Предмет его веры – совершенно другой. Он стремился к единому всеохватному видению; проповедовал не разнообразие, но простоту, не многочисленность уровней сознания, но сведение их к единому уровню: в «Войне и мире» – к стандарту доброго человека, одинокой, стихийной, открытой души; в более позднее время – к крестьянскому стандарту или к простейшей христианской этике, очищенной ото всякой теологии и метафизики; к простому, как бы насущному критерию, при помощи которого можно прямо увязать все на свете и всякую вещь определить через другую, применив к ней одну и ту же простую мерку. Гений Толстого – в таинственной способности точно воспроизводить невоспроизводимое, едва ли не волшебным образом вызывать к жизни совершенную, не переводимую ни на один язык индивидуальность уникального, отчего у читателя рождается острое ощущение, что все это существует, присутствует, а не просто описано. Для этой цели он использует метафоры, в которых фиксируется конкретное качество переживаний, и старательно избегает широких понятий, соотносящих что-то конкретное с близким по смыслу, не замечая индивидуальных различий – «мерцания» чувств – ради общего знаменателя. И этот же самый писатель вдруг требует прямо противоположного, и не просто требует – ударяется в гневную проповедь, особенно в поздней, религиозной фазе свой жизни. Он хочет, чтобы мы отказались от всего, что не подходит под очень общий, очень простой стандарт: скажем – под то, что нравится или не нравится крестьянам, или под евангельские представления о добре.

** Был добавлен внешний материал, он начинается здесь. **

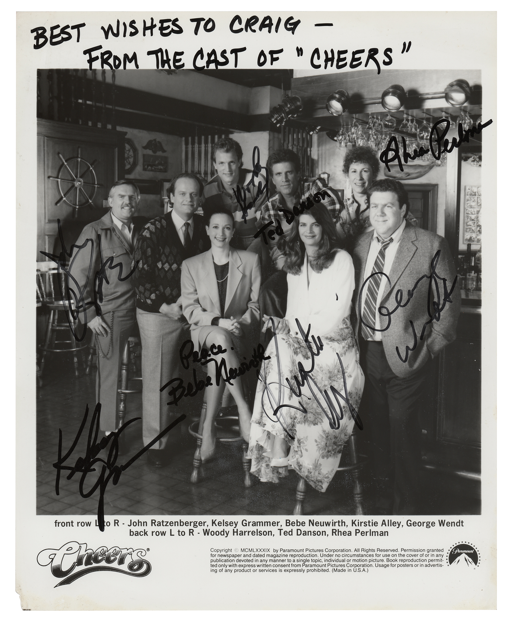 Glossy 8 x 10 Paramount promo photo of the Cheers cast, signed in black felt tip by John Ratzenberger, Kelsey Grammer, Bebe Neuwirth, Kirstie Alley, George Wendt, Woody Harrelson, Ted Danson, and Rhea Perlman, with an inscription across the top in an unknown hand: "Best wishes to Craig—From the Cast of 'Cheers.'" In fine condition, with light staining along the bottom edge.
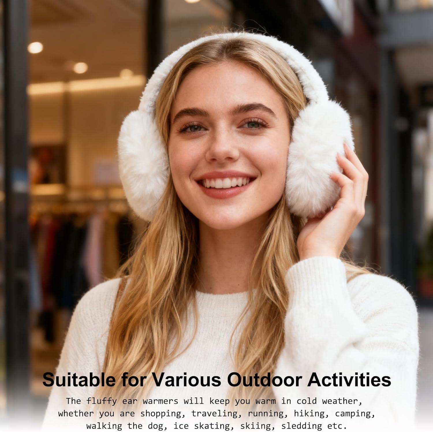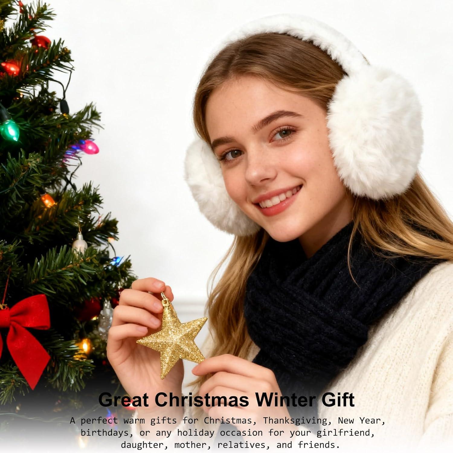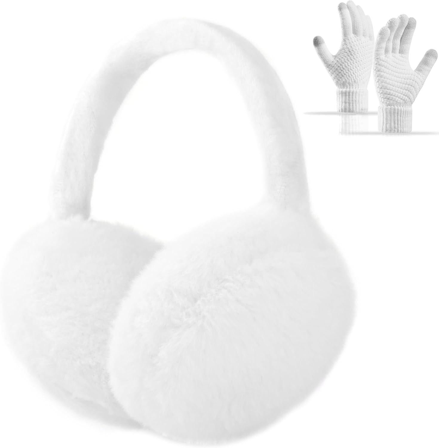 Mei MACLEOD Girls Earmuffs Knit Winter Ear Muffs Gloves Set for Kids Boys Cold Weather Ear Warmer(D-white (Earmuff Gloves Set))
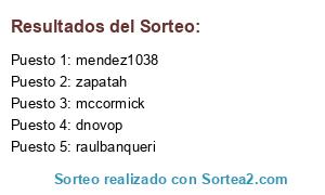 Lista de participantes: josepepe, velawer, dnovop, hectorkiedis, mccormick, raulbanqueri, zapatah, deport, alepere, mendez1038, piero.
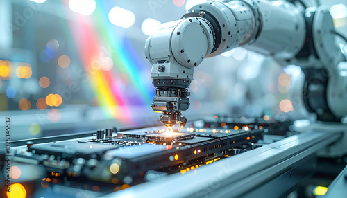 Precision Assembly: A robotic arm meticulously places a microchip on a circuit board, symbolizing the cutting edge of technological advancement and automation in manufacturing.
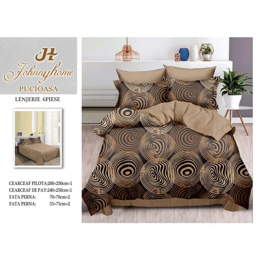 Lenjerie de Pat, Bumbac Finet, 6 Piese, Pat Dublu -JO41
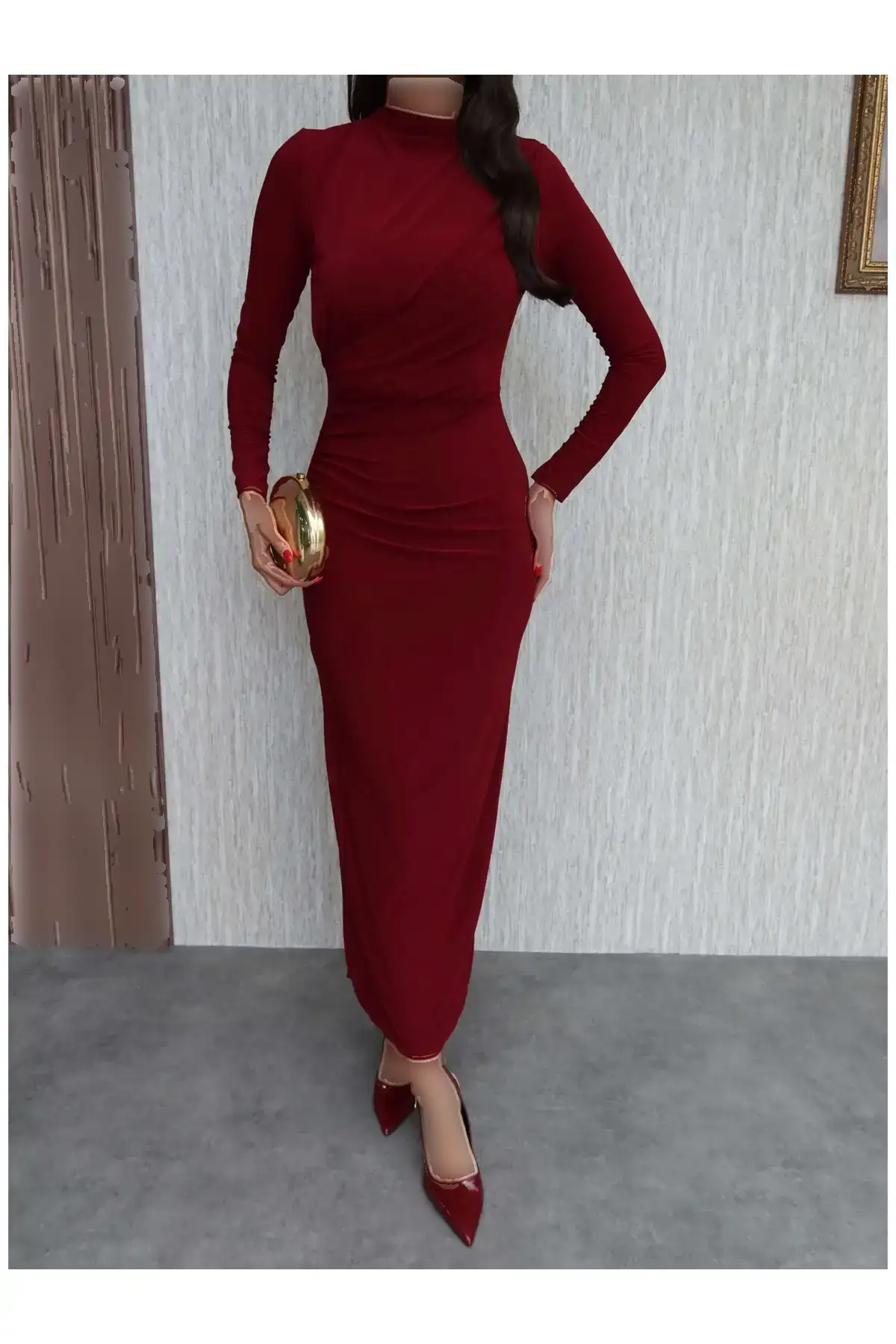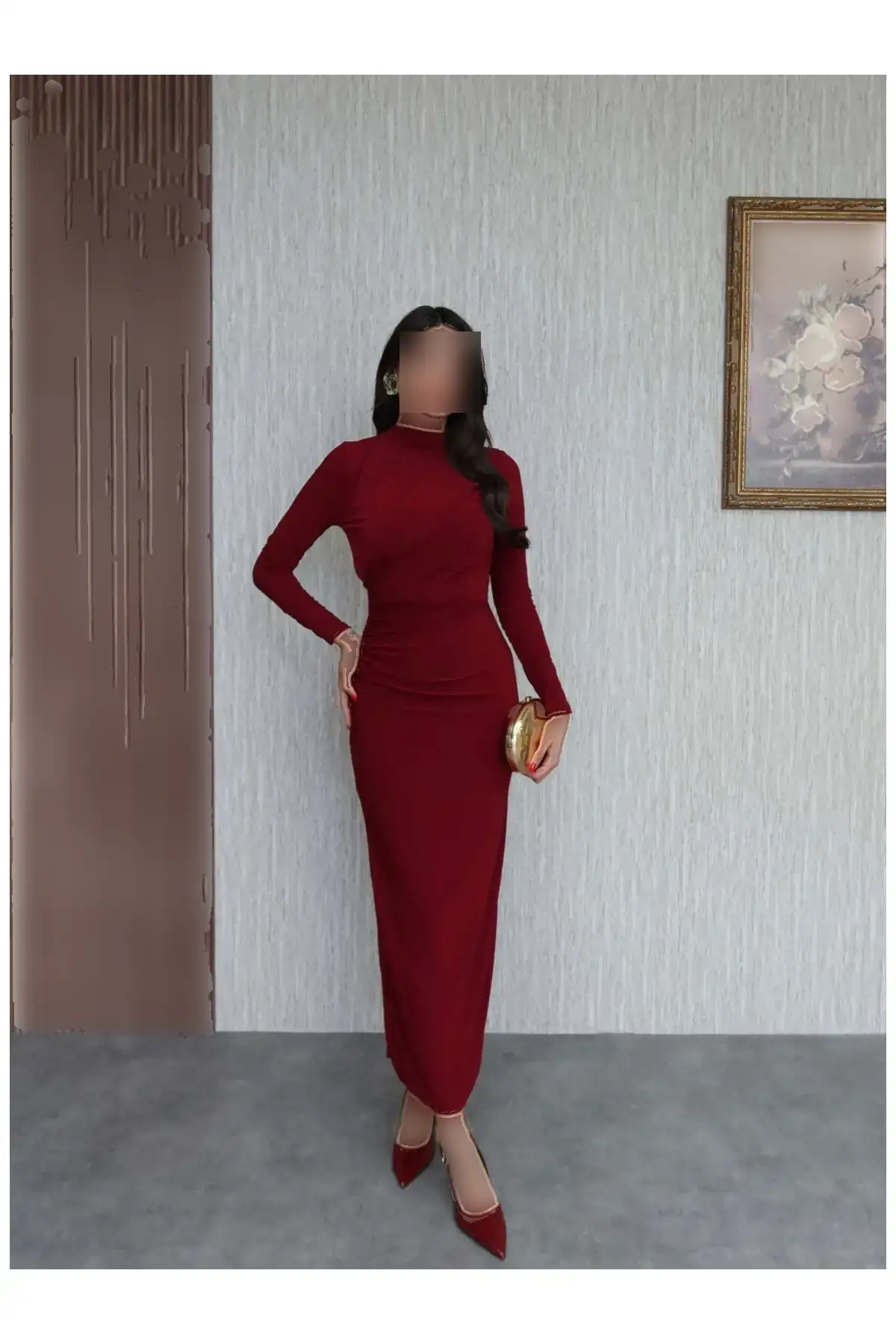 پیراهن مجلسی زنانه بلند با آستینهای بلند و چاک دار
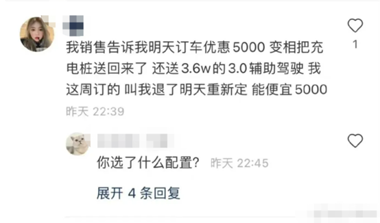 总之,就是想尽各种方法,花式降价促销。之所以他们不像特斯拉一样“头铁”,直接把降价摆在明面上说,可能怕是像特斯拉一样被喷“割韭菜”吧。
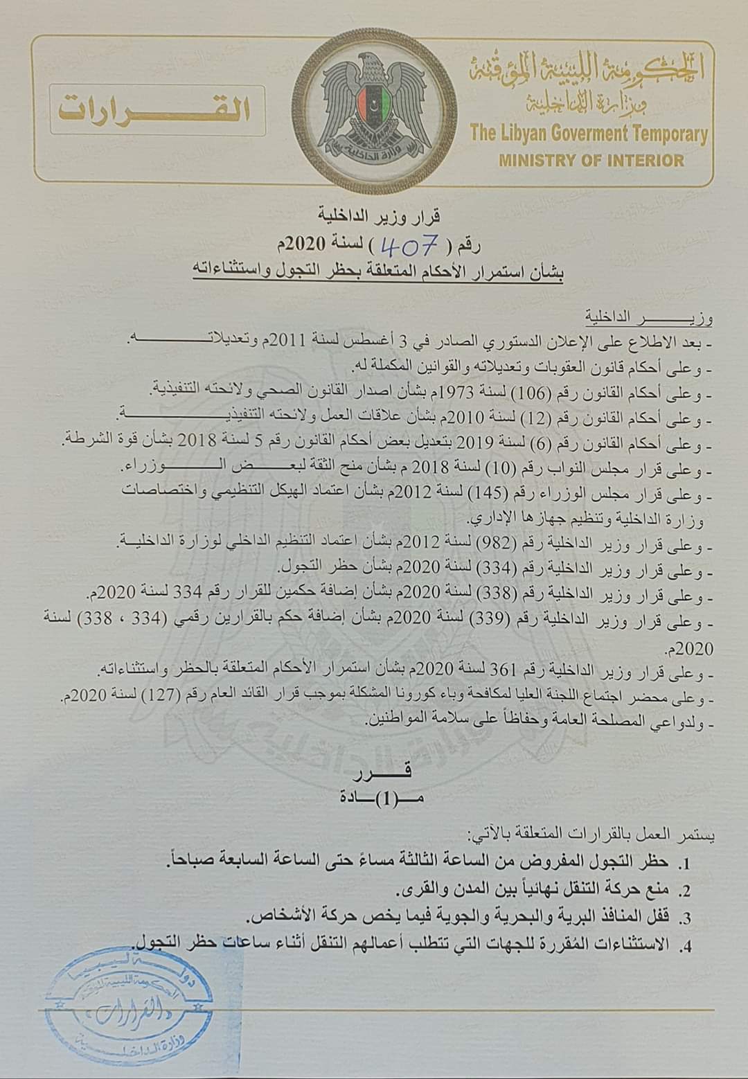المستشار بوشناف أكد في قراره رقم”407″ والذي تلقت المرصد نسخة منه الإستمرار بحظر التجول المفروض من الساعة الثالثة مساءً حتى الساعة السابعة صباحاً ومنع حركة التنقل نهائياً بين المدن و القرى بالإضافة إلى قفل المنافذ البرية والبحرية و الجوية فيما يخص حركة الأشخاص .
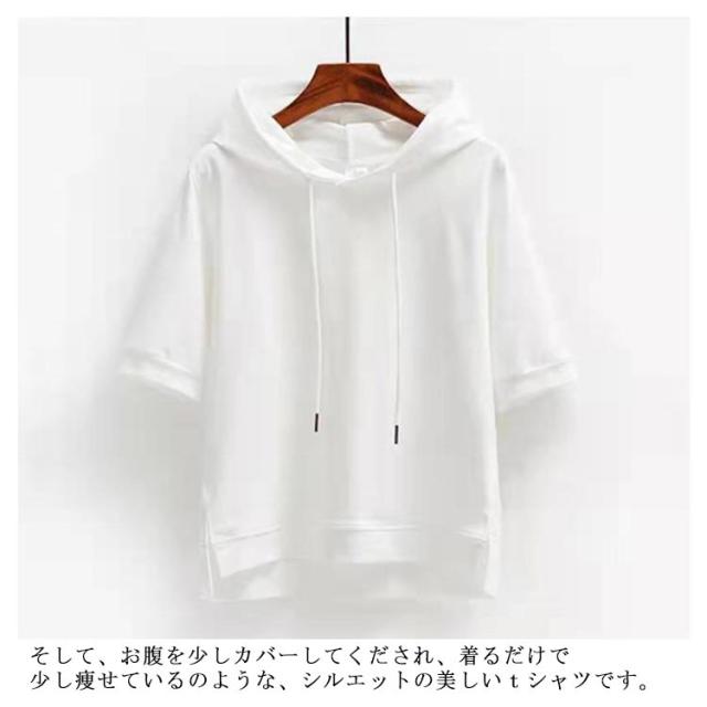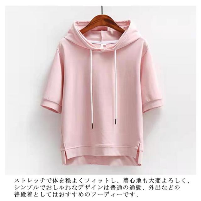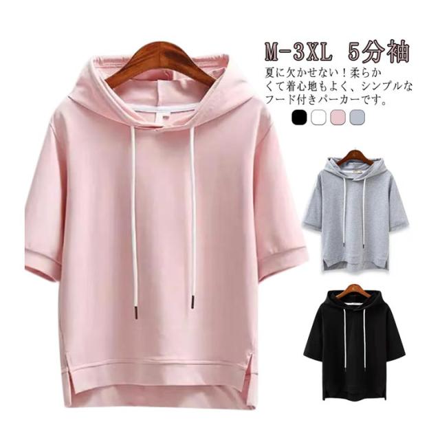 夏パーカー パーカー フード付き レディース フード付きtシャツ 薄手 5分袖 半袖プルオーバー 無地 シンプル カジュアル ゆったり コットン 綿 トップス tシャツ スリット 学生 通学 夏 送料無料
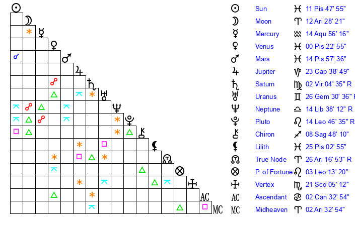 | Moon | 12 Aries 27 | 19 Aries 6 | 2 Aquarius 33 |

Отчаянное противоречие между сведениями, почерпнутыми из опыта, от которых он не мог освободиться и за которыми, конечно, всю свою жизнь признавал первородное право на реальность, и глубоко метафизической убежденностью в существовании системы, в которую они должны укладываться, хочется им того или нет; конфликт между инстинктивным суждением и теоретической убежденностью – между его дарованием и его мнениями – отражает конфликт между реальностью нравственной жизни, с присущими ей ответственностью, радостями, горестями, чувством вины и чувством успеха – все сплошь одни иллюзии, – и законами, царящими надо всем, пусть даже нам доступна лишь ничтожно малая часть знания о них. Ученые и историки, которым кажется, будто они их знают и руководствуются ими, попросту лгут и изворачиваются – но тем не менее только эти законы и реальны. По сравнению с Толстым Гоголь и Достоевский, чью «ненормальность» так часто противопоставляют толстовской «вменяемости», выглядят весьма цельными личностями, с последовательным мировоззрением и внутренне единой системой представлений. Однако именно из этого отчаянного внутреннего конфликта выросла «Война и мир». Великолепное единство этого текста не должно нас обманывать; как только Толстой вспоминает или забывает забыть о том, что и зачем он делает, открывается зияние.

IV

Теории редко рождаются на пустом месте. Следовательно, и вопрос о корнях толстовского видения истории вполне правомерен. Все, что бы Толстой ни писал на эту тему, отмечено явственным отпечатком его личности – первостепенное качество, редкостное среди пишущих на абстрактные темы. В данной области он работал как любитель, а не как профессионал; но давайте вспомним, что он был причастен к миру великих дел, принадлежал к правящему классу своей страны и своей эпохи и прекрасно это понимал. Среда, в которой он вращался, была перенасыщена идеями и теориями. Во время работы над «Войной и миром» он поднял изрядное количество материала (хотя, как показали некоторые русские исследователи[305], не так много, как порой представляется), он много путешествовал и встречался с видными общественными деятелями в Германии и во Франции.

вернуться

305

К примеру, Шкловский и Эйхенбаум, чьи работы уже цитировались выше.